-- SOURCE MATERIAL --
*** Begin section ***

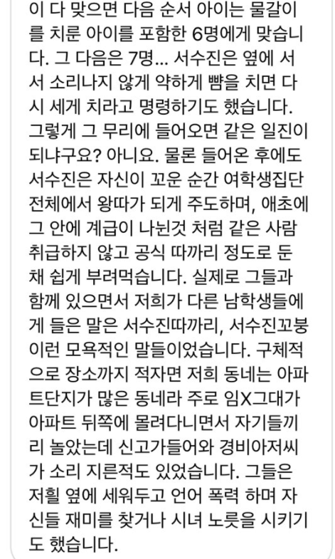 "*** 이제부터 왕따"라는 식으로 돌렸고저는 너무 무서워서 문자를 지워달라고 전화해서 계속 빌기만 했습니다.------------------------------------------------------
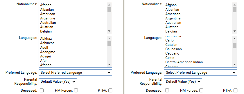 As part of the recent update on 10 January 2025, new fields have been added to the Contact Details screen to capture contacts nationalities, languages and preferred language.
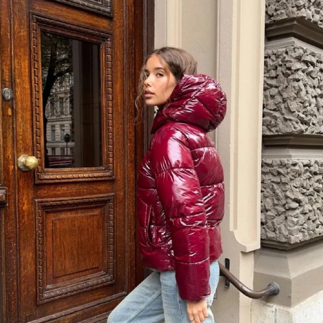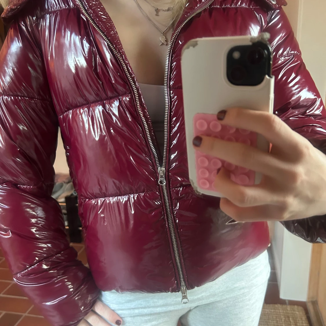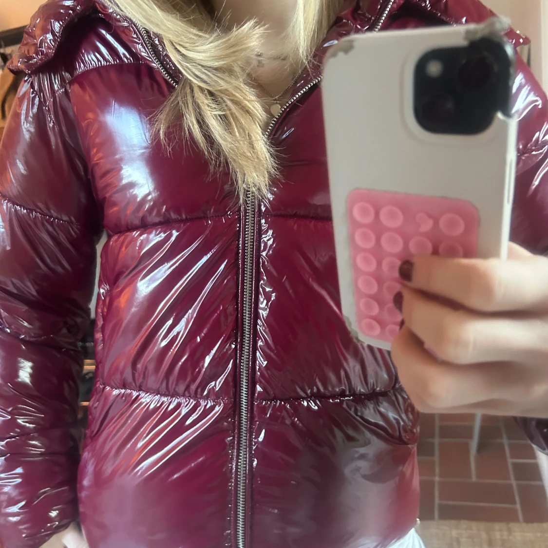 Säljer en snygg vinröd pufferjacka. Jackan är glansig och har en stor huva, perfekt för kalla dagar. Säljs inte längre och är knappt använd så är helt nyskick. Storlek XS. Skriv vid eventuella frågor!
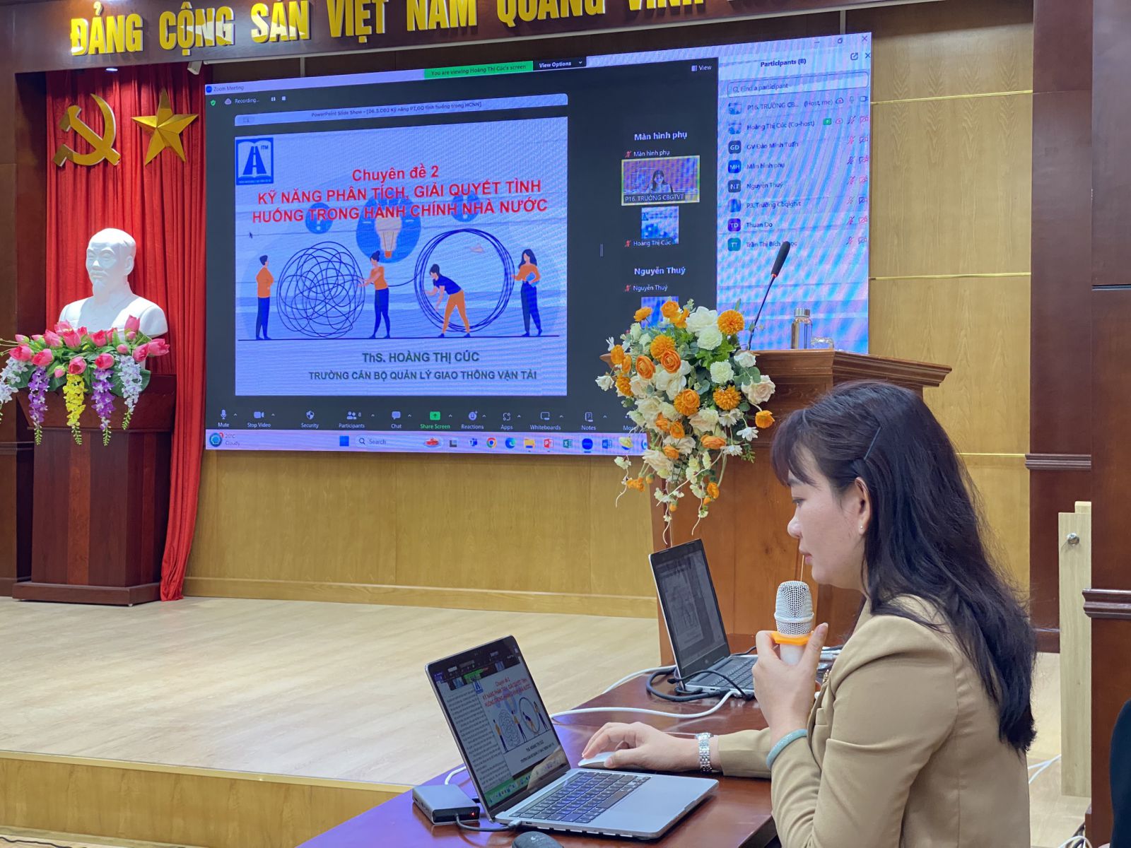 Chuyên đề 2: Kỹ năng phân tích, giải quyết tình huống trong hành chính nhà nước, chương trình Chuyên viên, giảng viên đ/c Hoàng Thị Cúc, Khoa Khoa Cơ bản & Lý luận chính trị.

*** End section ***

-- WHAT TO PRODUCE --
The material above should be returned exactly, without pictures.

-- SOLUTION --
 "*** 이제부터 왕따"라는 식으로 돌렸고저는 너무 무서워서 문자를 지워달라고 전화해서 계속 빌기만 했습니다.------------------------------------------------------
 As part of the recent update on 10 January 2025, new fields have been added to the Contact Details screen to capture contacts nationalities, languages and preferred language.
 Säljer en snygg vinröd pufferjacka. Jackan är glansig och har en stor huva, perfekt för kalla dagar. Säljs inte längre och är knappt använd så är helt nyskick. Storlek XS. Skriv vid eventuella frågor!
 Chuyên đề 2: Kỹ năng phân tích, giải quyết tình huống trong hành chính nhà nước, chương trình Chuyên viên, giảng viên đ/c Hoàng Thị Cúc, Khoa Khoa Cơ bản & Lý luận chính trị.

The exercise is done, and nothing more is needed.